Thomas says that the 3-D-structured particles have potential to become ultrafast, ultrasensitive biosensors. They’re sensitive because they have plenty of surface area to which DNA or other biotags can attach. With conventional solid microarrays and particles, biotags only adorn the probe’s surface. In contrast, biotags can attach inside the latticework particles, increasing the number of target molecules that bind to a particle, and therefore producing a more intense fluorescent signal. “The particle, of course, is transparent, so if the fluorescence is occurring in the center of the particle, it’s still visible outside,” says Thomas. He adds that he and his team have demonstrated about a 10-fold signal boost so far, and he predicts that they will optimize the lattice to yield at least a 10,000-fold signal boost.

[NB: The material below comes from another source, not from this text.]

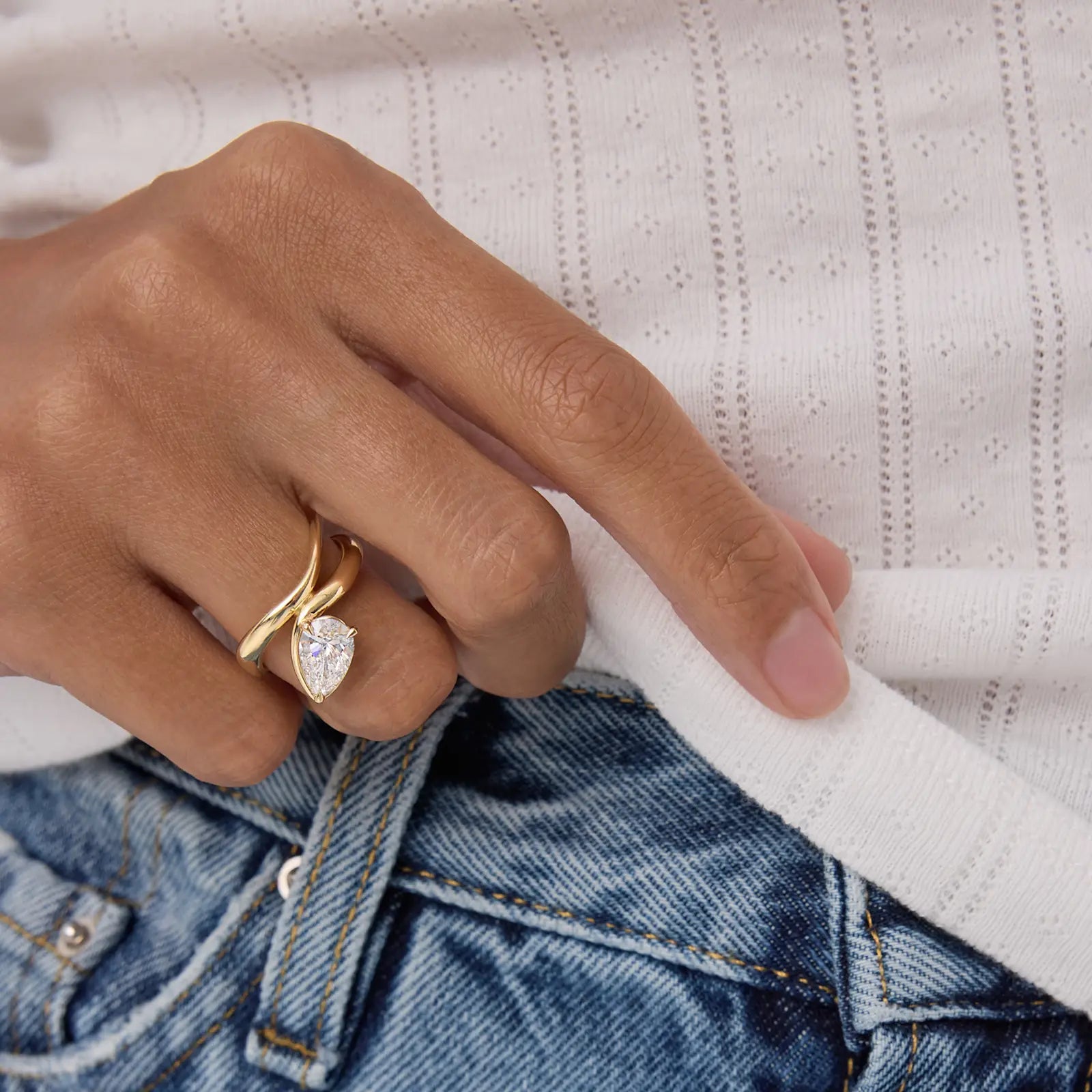 ✦ The Ring Shown in the Picture Holds a Beautiful Pear Cut Lab Grown Diamond.

Commercialization of MIT’s microfluidic particle biosensors is by no means around the corner. But several companies have expressed interest in the system, and collaborations are under way to test it on real-world samples from genetic tests. The MIT researchers’ goal is to launch a startup or have licensing agreements in place within two years. Patents are in the works covering the microfluidic process for making particles, its application for making biosensor arrays, and the new phase-mask-enhanced system for structured particles.
Looking beyond biosensors, Thomas envisions applications that dynamically exploit the particles’ mechanical properties. Particles with narrow scaffolding, for example, should be capable of squashing down to squeeze into tight spaces, much as fresh red blood cells squeeze into the tightest capillaries. He also imagines that the latticework particles could beget tunable sieves for handling and sorting much smaller nanoparticles by using polymers that swell and seal up the lattice in response to external conditions such as acidity. “If you were trying to choke off transport of virus particles, for example, this would work nicely,” says Thomas. “That’s one of our dreams.”